*** Block opens ***

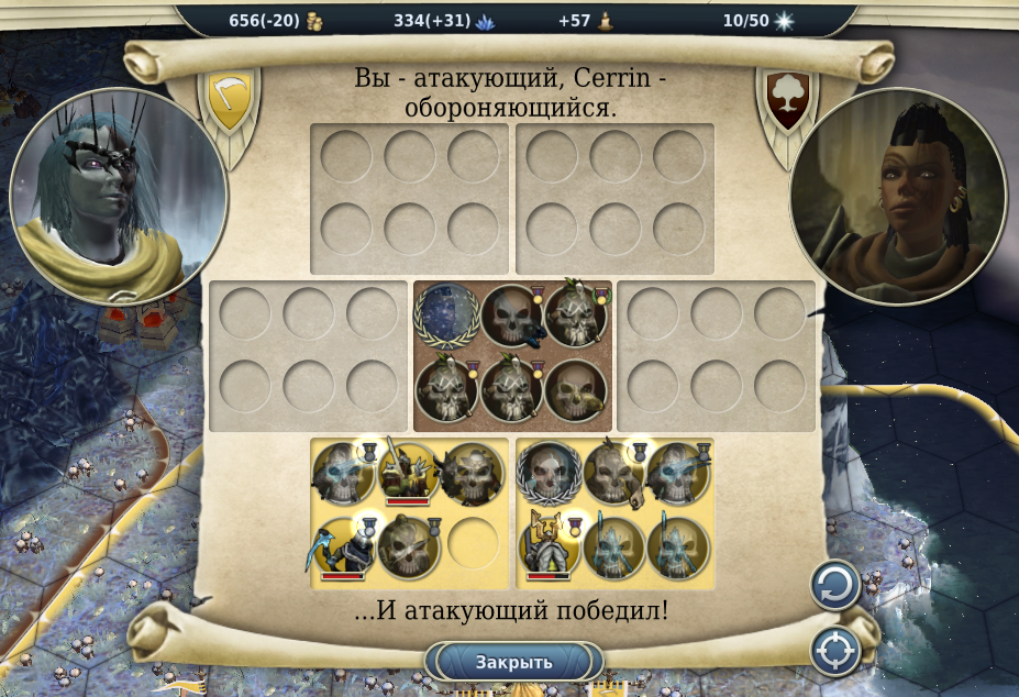 It was very tough battle, he had 40% frost protection from "warm at night" skill and also there was "Omen of the Dove" cosmic event which I think was worse for me, because my units were weak and were doing very little damage vs his high defense units.
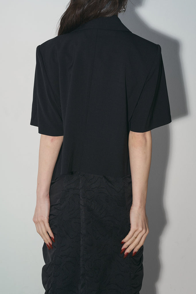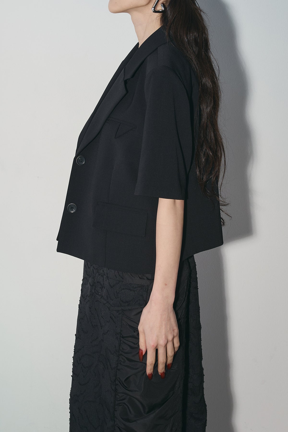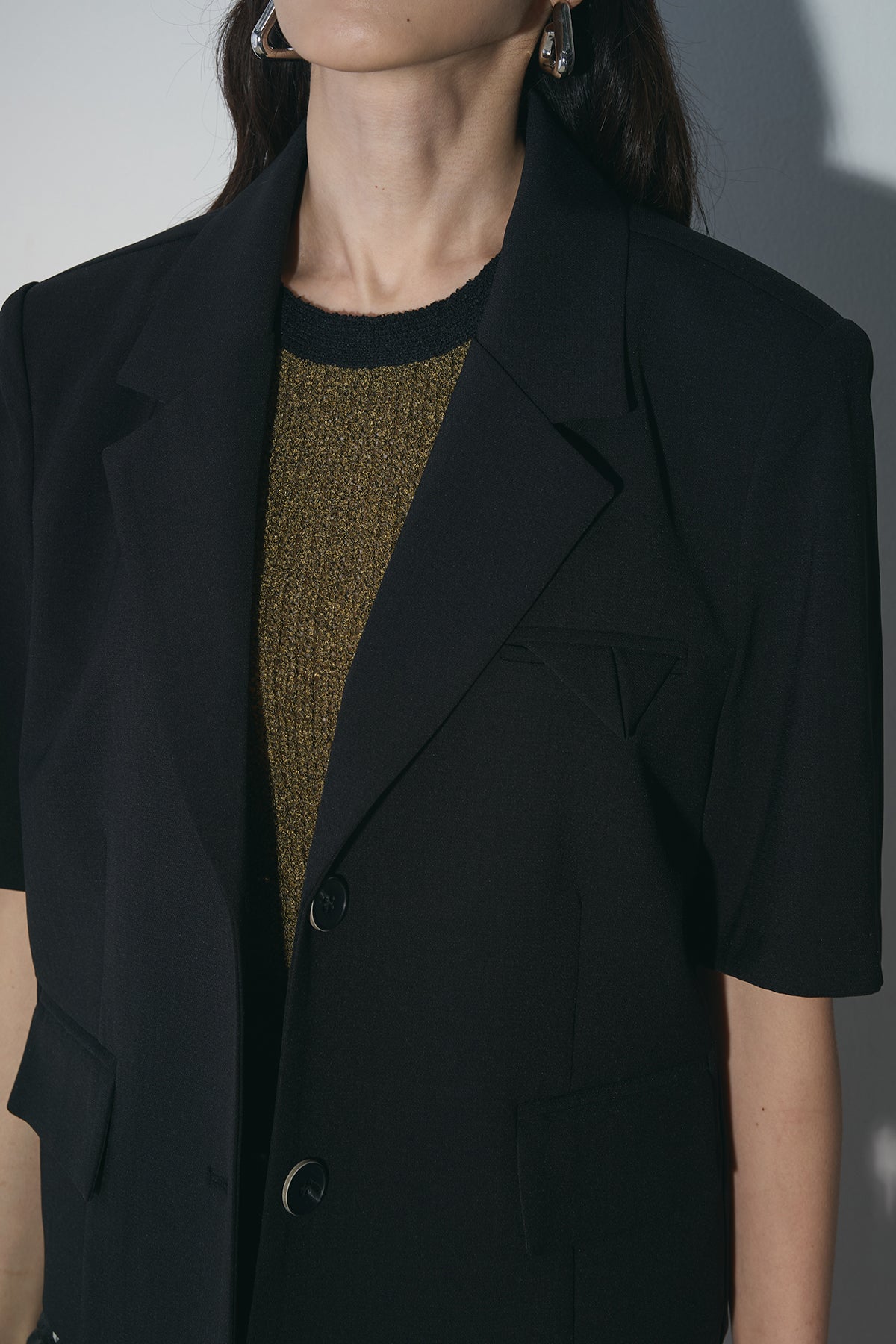 ミニマルで洗練された印象のショートスリーブジャケット。 すっきりとした丈感がスタイルアップを叶え、ワンピースやハイウエストボトムとの相性も◎ カジュアルにもモードにも振れる、着回し力の高い一着です。
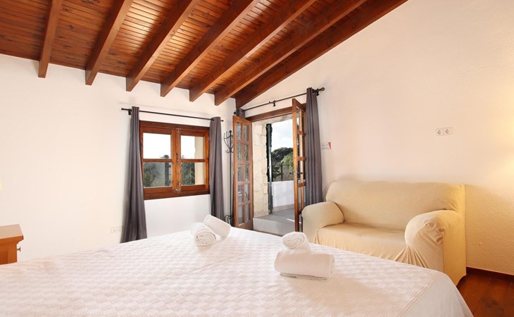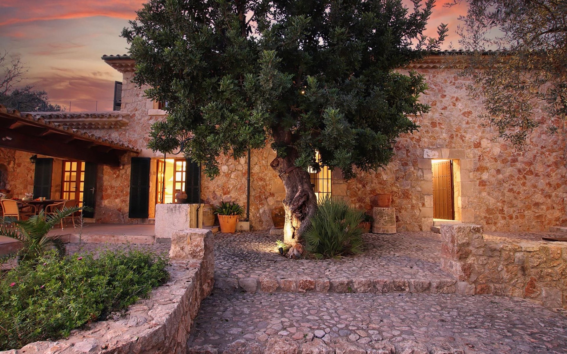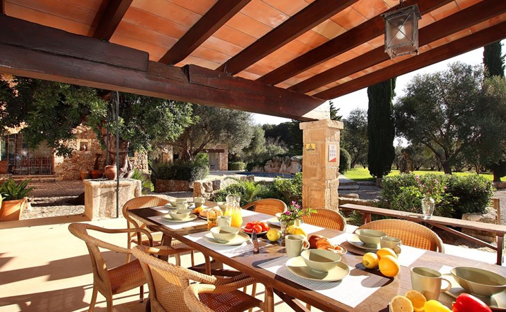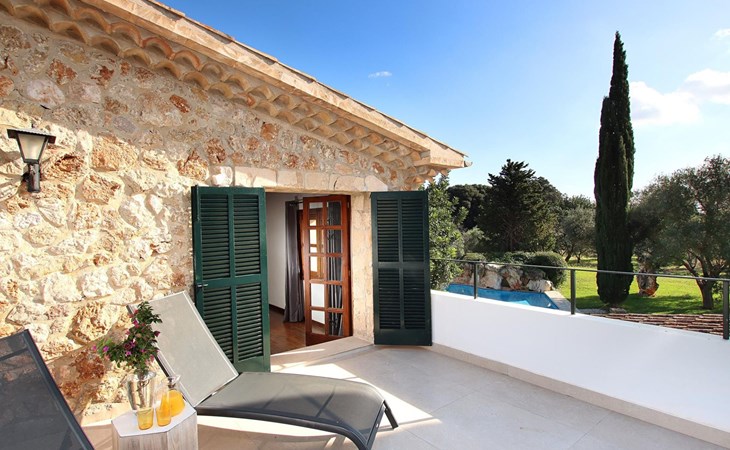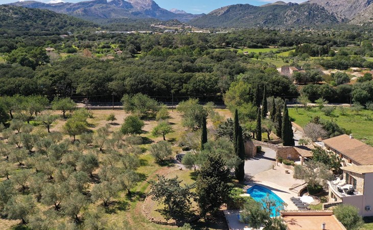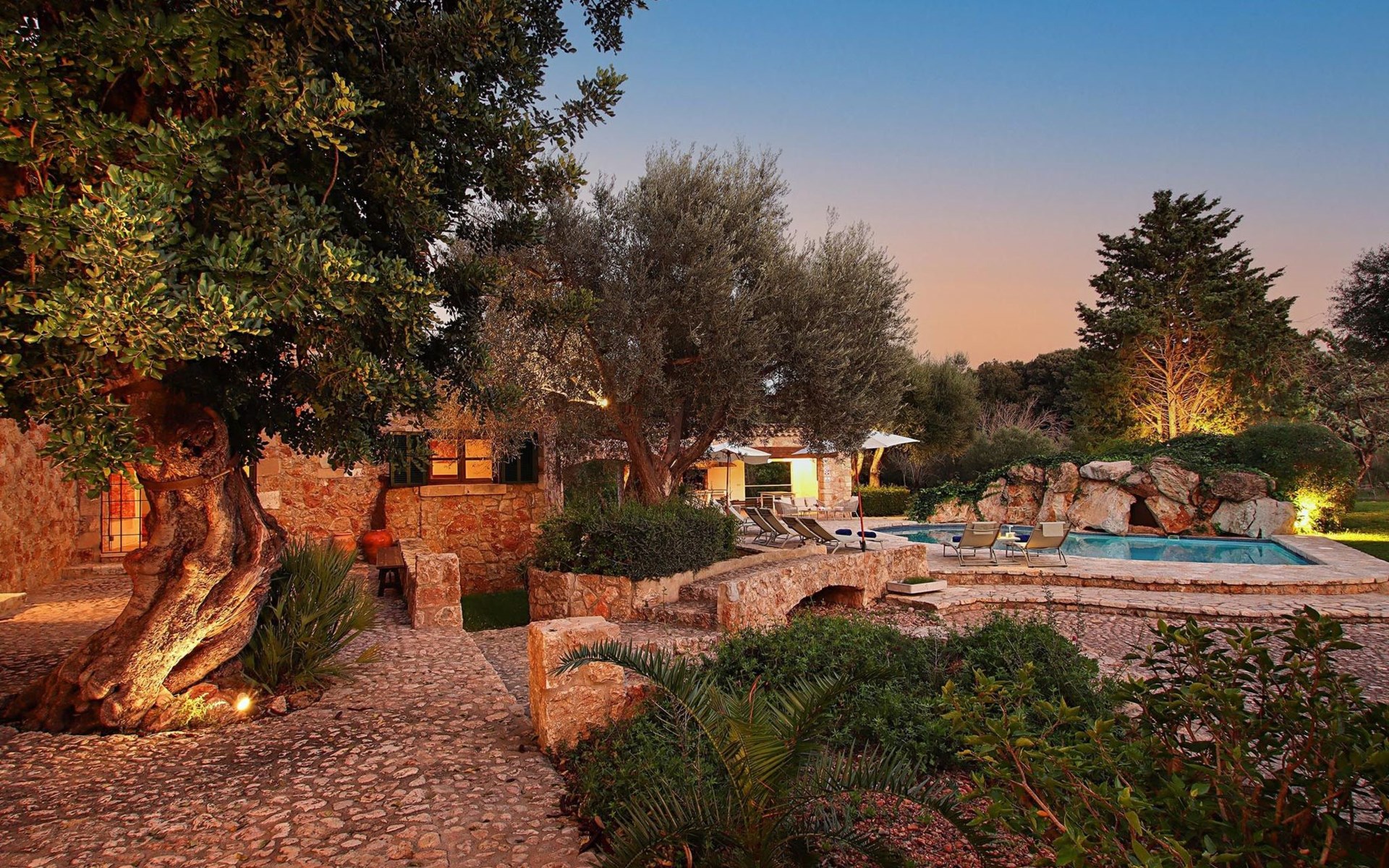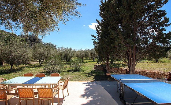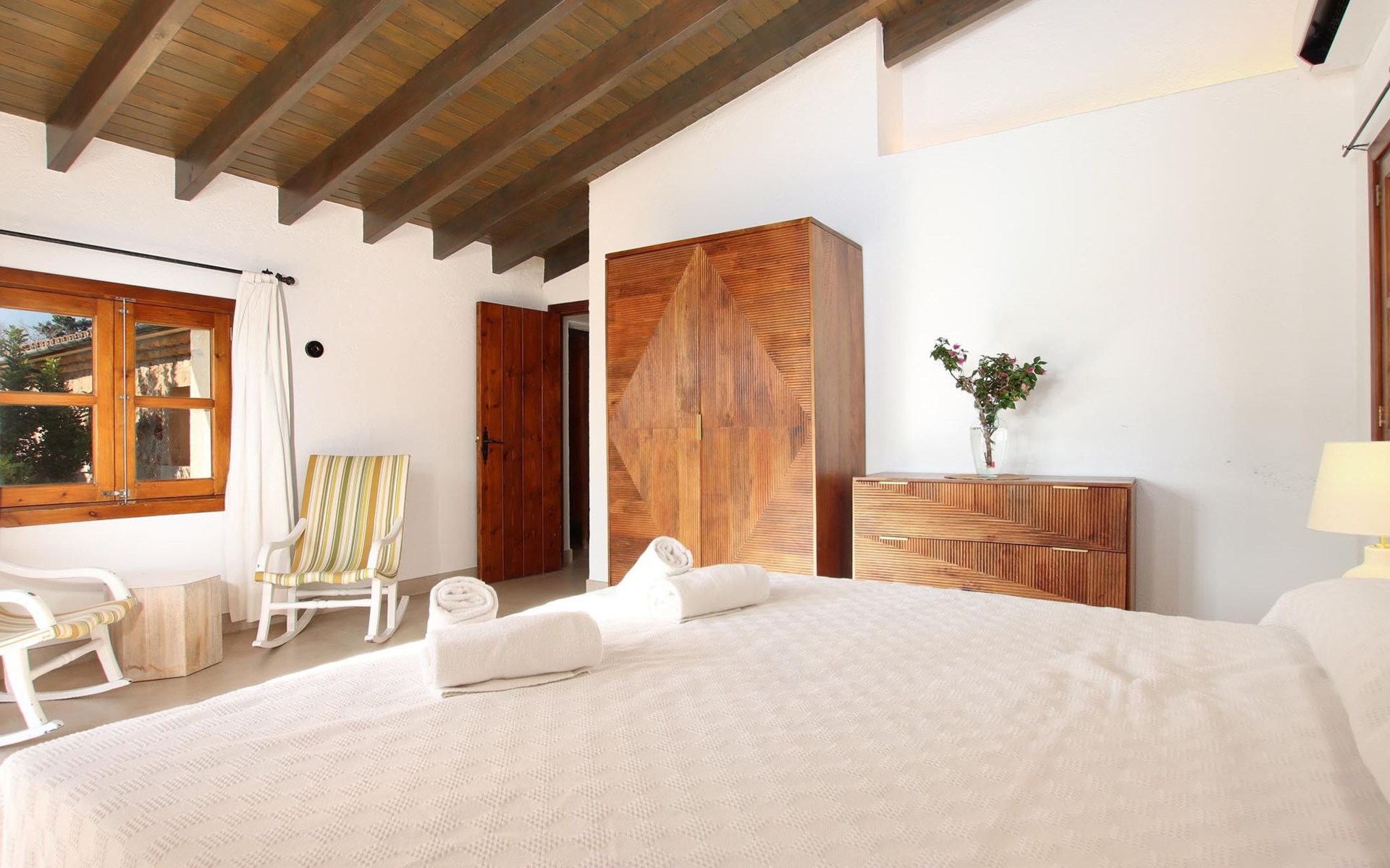 The Bennassar farm stands out for its exterior, located in a field of olive trees, and for its stone terraces, in which a centenary carob tree is located that offers a refreshing shade to whoever wants it. Next to it is a stone bridge that crosses a small but charming pond with plants, and the pool, asymmetrically shaped and large. There is a large outdoor area with several loungers where you can relax and sunbathe, as well as a practical covered barbecue area where you can enjoy a good grill.
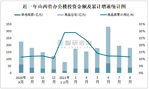 根據(jù)國家統(tǒng)計局?jǐn)?shù)據(jù)統(tǒng)計可知:2021年8月山西省房地產(chǎn)開發(fā)投資商品房投資金額為179.67億元,其中包括辦公樓、商業(yè)營業(yè)用房等其他用房37.91億元(注:辦公樓、商業(yè)營業(yè)用房未分開統(tǒng)計);2021年1-8月山西省房地產(chǎn)開發(fā)投資包括辦公樓在內(nèi)的其他用房累計金額為259.12億元。
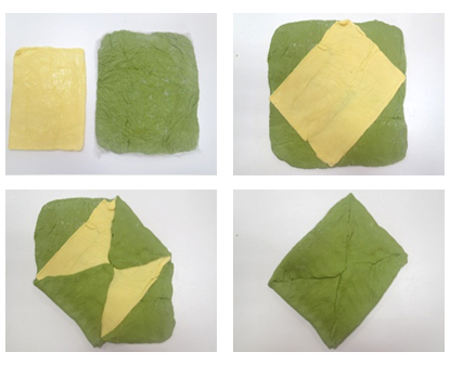 4的麵團冰至稍硬後取出,3交叉菱形放置在麵團上,將麵團四角自奶油四邊折入包覆。
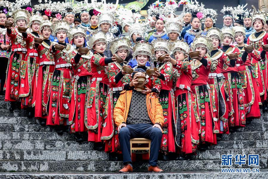 7月2日,侗族同胞在丹寨萬達(dá)小鎮(zhèn)內(nèi)為游客演唱侗族大歌。新華社記者歐東衢攝
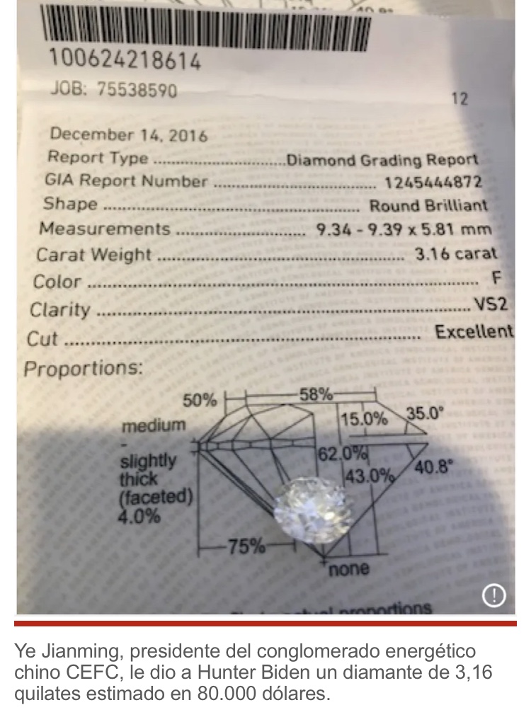Sellaron la nueva alianza con un rico regalo: un diamante de 3,16 quilates por valor de 80.000 dólares. Las fotografías de la impresionante piedra aparecen en la computadora portátil de Hunter junto con un informe de calificación que la enumera como un «brillante redondo» de Grado F con claridad «VS2» principal y corte «excelente».
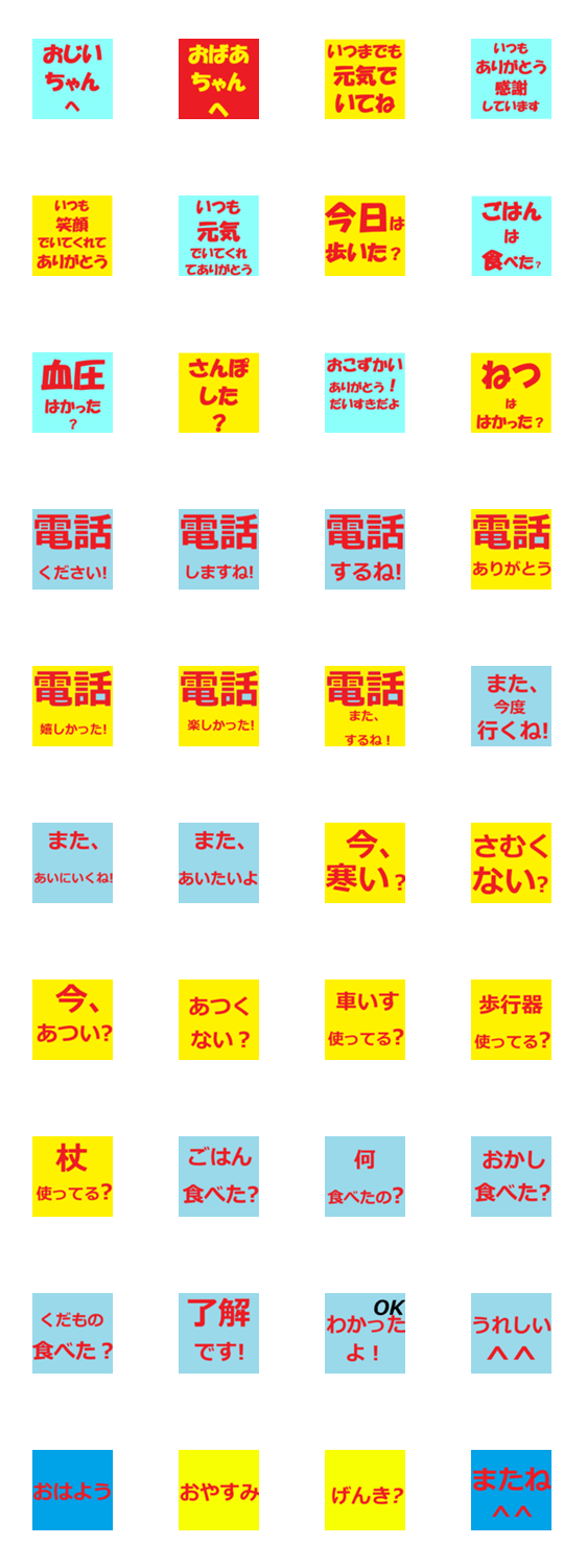 大切なおじいちゃんやおばあちゃんに送って分かりやすいラインスタンプを現役介護福祉士が監修しました。もらったら大変喜ぶスタンプを沢山送って感謝の気持ちを伝えよう!
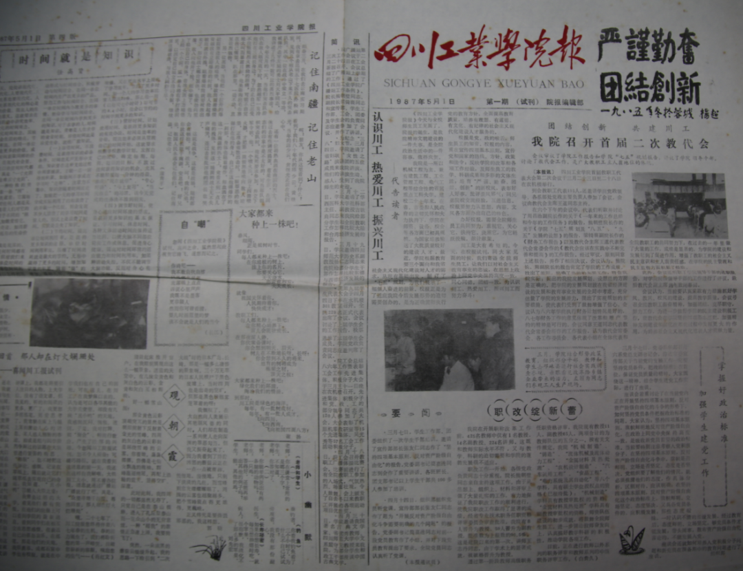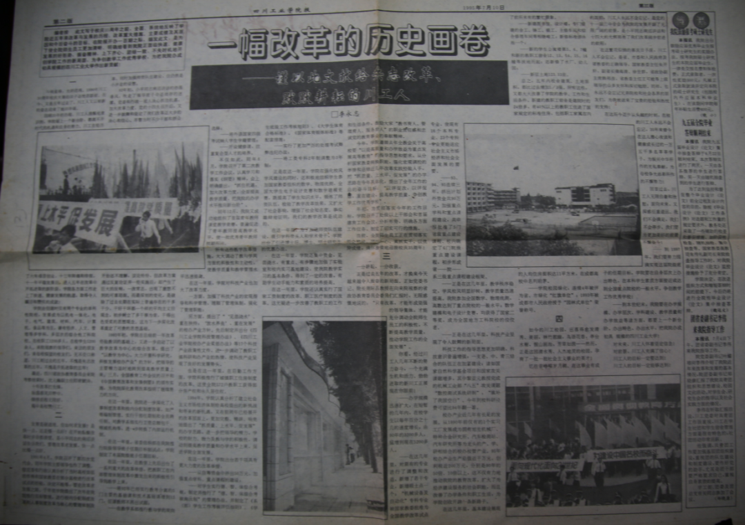 在校庆35周年华诞之际,他撰写的《“一幅改革的历史画卷”——谨以此文献给矢志改革、默默耕耘的川工人》一文在校报发表,文章深刻的总结和热情的赞颂了川工人5年来教育改革的丰硕成果,鼓舞了师生,并受到校外同行的广泛赞扬。1987-1999年他任主编的12年期间,坚持党的办报方针,坚持“党政喉舌,师生知音”的办报宗旨,为学校的改革发展、传播知识和教书育人做出了积极的努力与贡献。

*** Block closes ***

## Task details
Write down exactly the lines running from the line with "大切なおじいちゃんやおばあち" through the end of the material, both ends included, and none of the pictures.

## Answer box
 大切なおじいちゃんやおばあちゃんに送って分かりやすいラインスタンプを現役介護福祉士が監修しました。もらったら大変喜ぶスタンプを沢山送って感謝の気持ちを伝えよう!
 在校庆35周年华诞之际,他撰写的《“一幅改革的历史画卷”——谨以此文献给矢志改革、默默耕耘的川工人》一文在校报发表,文章深刻的总结和热情的赞颂了川工人5年来教育改革的丰硕成果,鼓舞了师生,并受到校外同行的广泛赞扬。1987-1999年他任主编的12年期间,坚持党的办报方针,坚持“党政喉舌,师生知音”的办报宗旨,为学校的改革发展、传播知识和教书育人做出了积极的努力与贡献。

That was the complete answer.